#### Required work
In the records below, the line with "다음과 같은 회로에서 a, b 양단의 전압은 몇 V 인가?" opens the range and the line with "Schiebetürenschrank, BxTxH 1200x430x1980" closes it; print that range exactly and nothing else.

#### Records provided
· · · ·

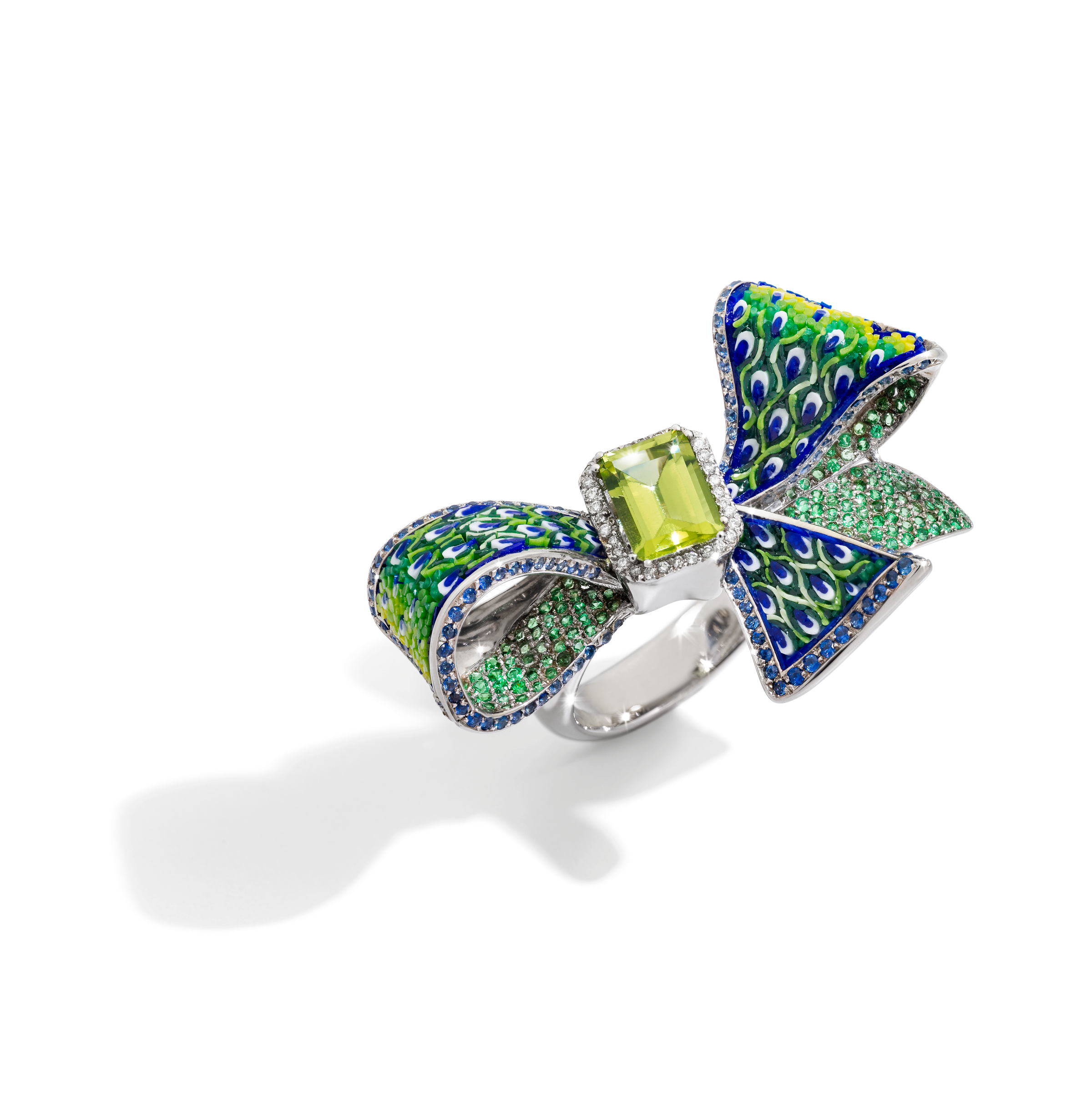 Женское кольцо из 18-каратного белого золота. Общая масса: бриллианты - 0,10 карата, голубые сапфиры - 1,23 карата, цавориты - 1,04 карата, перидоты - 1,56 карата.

· · · ·

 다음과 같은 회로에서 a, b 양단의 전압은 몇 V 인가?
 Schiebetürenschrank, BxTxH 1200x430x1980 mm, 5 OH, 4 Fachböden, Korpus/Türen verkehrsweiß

· · · ·

#### Output of the exercise
 다음과 같은 회로에서 a, b 양단의 전압은 몇 V 인가?
 Schiebetürenschrank, BxTxH 1200x430x1980 mm, 5 OH, 4 Fachböden, Korpus/Türen verkehrsweiß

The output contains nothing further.